Soziale Gerechtigkeit ist Kernthema der Generation 50plus

07.08.2013 – „Es reicht!“ und „Endlich handeln!“ – so deutliche Worte hatten die Politiker bei den Großveranstaltungen des VdK Bayern mit mehreren tausend Teilnehmern im Vorfeld der Bundestagswahlen vom Publikum nicht erwartet. „Rente und Pflege lieferten den größten Zündstoff“, berichtete Ulrike Mascher, Vorsitzende des Sozialverbands VdK Bayern auf der heutigen Pressekonferenz des VdK in München.
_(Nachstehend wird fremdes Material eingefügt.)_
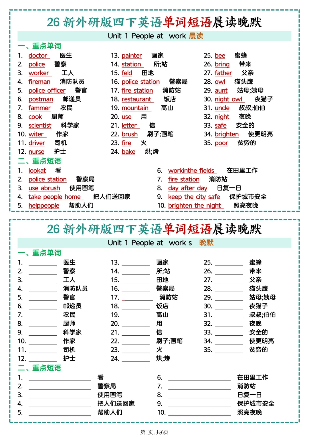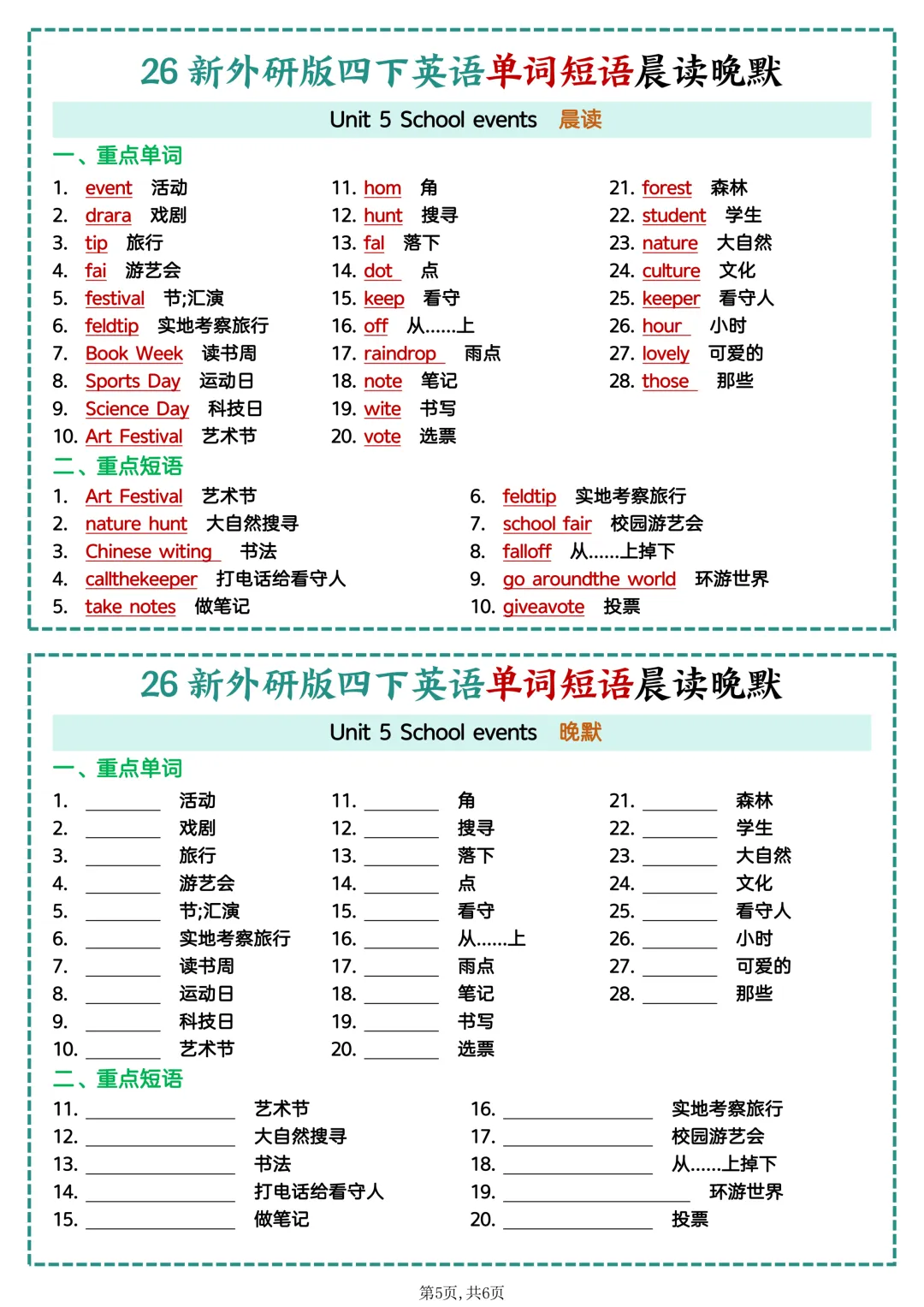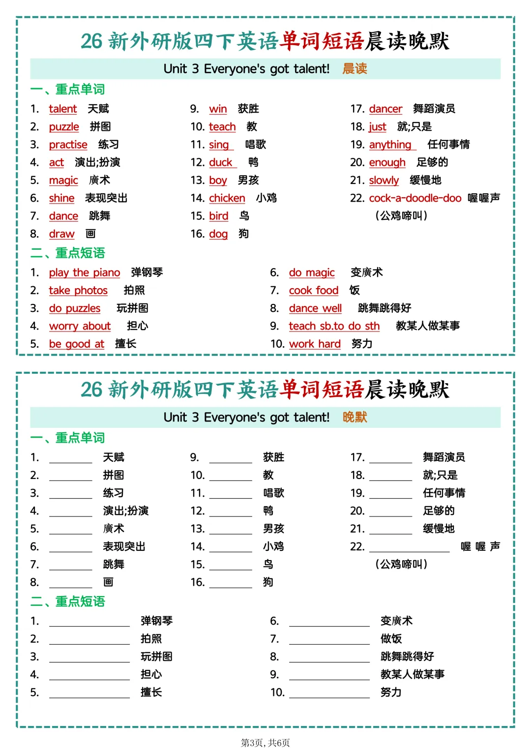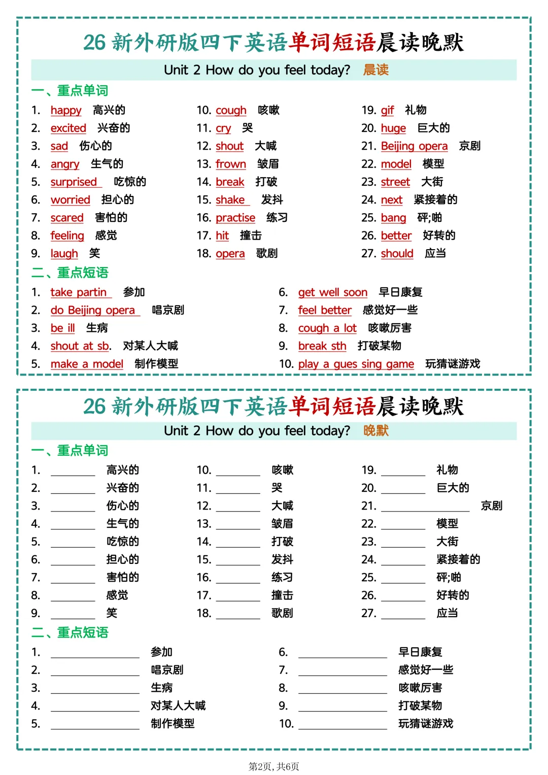 26春外研版四年级下册英语晨读晚默小纸条(电子版附下载链接)

Das Thema Mütterrenten stand im Fokus der diesjährigen Sommerpressekonferenz des VdK Bayern. Die Fragen der Journalisten beantworteten (von links): VdK-Landesgeschäftsführer Michael Pausder, VdK-Landesvorsitzende Ulrike Mascher und Dr. Bettina Schubarth, Pressesprecherin des VdK Bayern. | © van Rooij

2,4 Millionen Menschen in Bayern sind über 65 Jahre alt. „Mit diesen potenziellen Wählerinnen und Wählern sollte man es sich nicht verscherzen“, warnte Mascher. Die Neurenten für Männer sind 2012 in Bayern mit 941 Euro unter die 1000-Euro-Grenze gerutscht. Die Mini-Rentenerhöhung von 0,25 Prozent schürt die Enttäuschung über die Regierenden gewaltig an, fasste Mascher die Stimmung an der VdK-Basis zusammen. Der VdK fordert eine Rückkehr zum Prinzip der dynamischen Rente: „Wenn die Löhne um 3 Prozent steigen, müssen auch die Renten um 3 Prozent steigen.“

Altersarmut ist vor allem weiblich. Unter den Beziehern von Grundsicherung im Alter in Bayern stellen Frauen über 65 die größte Gruppe. Die Armutsgefährdungsquote der über 65-jährigen Frauen im Freistaat liegt aktuell bei 23,1 Prozent. Viele von ihnen wären durch eine Höherbewertung von Kindererziehungszeiten in der Rente um einiges besser gestellt als heute. „Wir brauchen einen Schutzschirm für Mütter“, forderte die VdK-Landesvorsitzende. „Alle Mütter, unabhängig davon, wann sie Kinder bekommen und großgezogen haben, und ob sie bereits in Rente sind oder nicht, sollen insgesamt drei Kindererziehungsjahre angerechnet bekommen. Und zwar ab 2014. Ältere Mütter haben schon lange genug auf Gerechtigkeit gewartet.“


Eine Million Rentnerinnen könnten nach Schätzungen des VdK in Bayern von einer solchen Regelung profitieren. Bei den Mütterrenten dürfe es kein Hin und Her mit der Finanzierung geben, warnte Mascher: „Es handelt sich um eine gesamtgesellschaftliche Aufgabe. Die Finanzierung muss deshalb über Steuermittel erfolgen und nicht aus Mitteln der Beitragszahler in der Rentenversicherung.“
Die Bilanz der Pflegepolitik fällt nach Meinung des VdK auch sehr mager aus. Mascher bezeichnete die politische Rangelei um die Pflegekosten zur Besserstellung von Demenzkranken in der Pflegeversicherung als „unwürdige Hinhaltetaktik“. Der VdK fordert, dass eine neue Bundesregierung im Herbst einen neuen Pflegebedürftigkeitsbegriff sofort auf den Weg bringt.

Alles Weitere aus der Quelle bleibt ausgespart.